Supplied material:
____
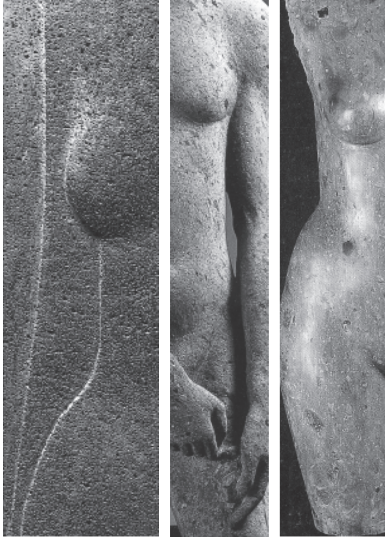
Basalto poroso, Güimar-Tenerife.
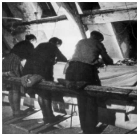
Basse lisse-vævere i et værksted i Aubusson, 1946. Væverne sidder bøjet over den vandretstående væv og har vrangen af motivet ud mod sig. I et lille spejl, der skubbes ind under kædestrådene, kan væveren kontrollere forsiden af motivet. Skellet skiftes ved at trampe i pedalerne med fødderne.

En modsætning til basse lisse-vævning er den lidt senere haute lisse, hvor væveren står ved en lodret vævestol. Begge teknikker anvendtes i 1700-tallet, men hvor en dygtig væver gennemsnitlig kunne væve 1\frac{1}{4} m 2 om året på opretstående væv, var gennemsnittet på den vandrette væv på 2,65 m 2 årligt. Dette kan studeres nærmere på den film, som vises om gobelinvævningsteknik i udstillingen.
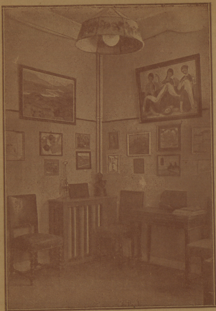
ΜΙΑ ΓΩΝΙΑ ΤΩΝ ΓΡΑΦΕΙΩΝ ΤΗΣ "ΒΡΑΔΥΝΗΣ", ΟΠΟΥ Η ΣΥΛΛΟΓΗ ΕΡΓΩΝ ΝΕΩΤΕΡΩΝ ΕΛΛΗΝΩΝ ΖΩΓΡΑΦΩΝ
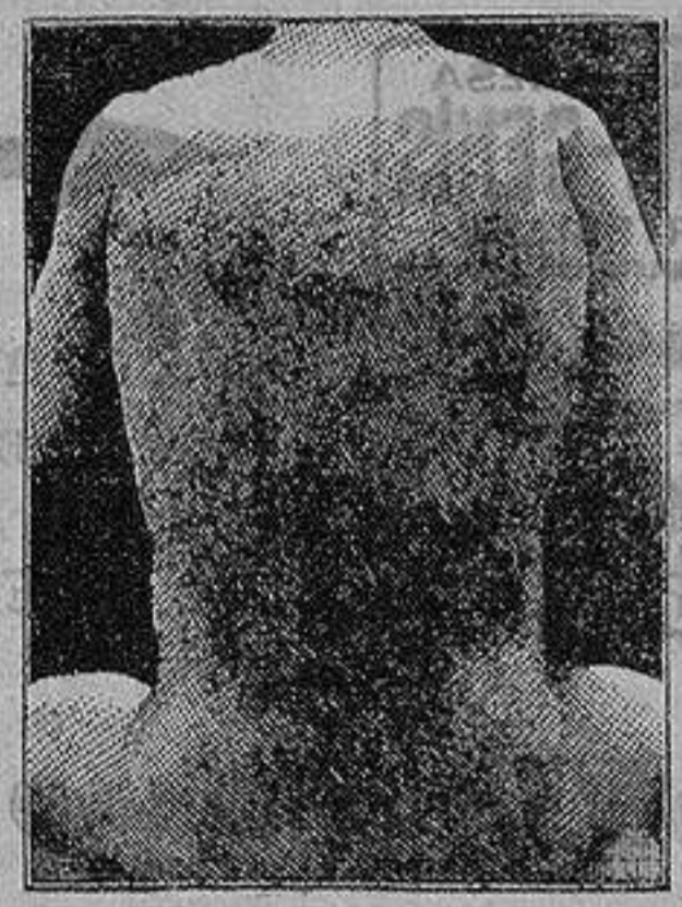
Antes de la curacion
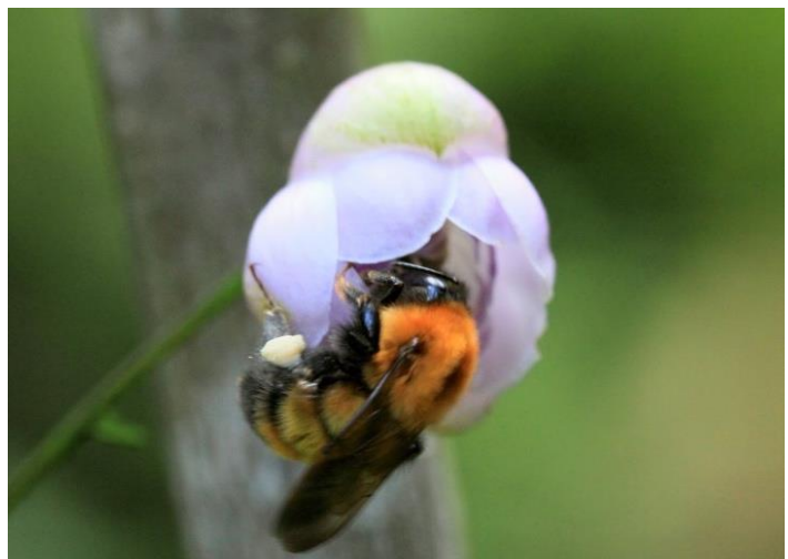
図1：マルハナバチ類の1種のトラマルハナバチ

マルハナバチ類は野生植物や農産物の重要な送粉者ですが、世界的に減少傾向にあると言われていています。国際自然保護連合（IUCN）は、2011年からレッドリスト作成を開始し、2015年にはヨーロッパで1/3の種が、アメリカでは1/4の種が減少傾向にあると報告しました。マルハナバチ類の全世界レベルの早急な分布調査と保全対策の立案が望まれています。
____
Exercise prompt: Everything from the line containing "En modsætning til" through the last line of the listing above must be output exactly, except the pictures.

Answer to the problem:
En modsætning til basse lisse-vævning er den lidt senere haute lisse, hvor væveren står ved en lodret vævestol. Begge teknikker anvendtes i 1700-tallet, men hvor en dygtig væver gennemsnitlig kunne væve 1\frac{1}{4} m 2 om året på opretstående væv, var gennemsnittet på den vandrette væv på 2,65 m 2 årligt. Dette kan studeres nærmere på den film, som vises om gobelinvævningsteknik i udstillingen.
ΜΙΑ ΓΩΝΙΑ ΤΩΝ ΓΡΑΦΕΙΩΝ ΤΗΣ "ΒΡΑΔΥΝΗΣ", ΟΠΟΥ Η ΣΥΛΛΟΓΗ ΕΡΓΩΝ ΝΕΩΤΕΡΩΝ ΕΛΛΗΝΩΝ ΖΩΓΡΑΦΩΝ
Antes de la curacion
図1：マルハナバチ類の1種のトラマルハナバチ

マルハナバチ類は野生植物や農産物の重要な送粉者ですが、世界的に減少傾向にあると言われていています。国際自然保護連合（IUCN）は、2011年からレッドリスト作成を開始し、2015年にはヨーロッパで1/3の種が、アメリカでは1/4の種が減少傾向にあると報告しました。マルハナバチ類の全世界レベルの早急な分布調査と保全対策の立案が望まれています。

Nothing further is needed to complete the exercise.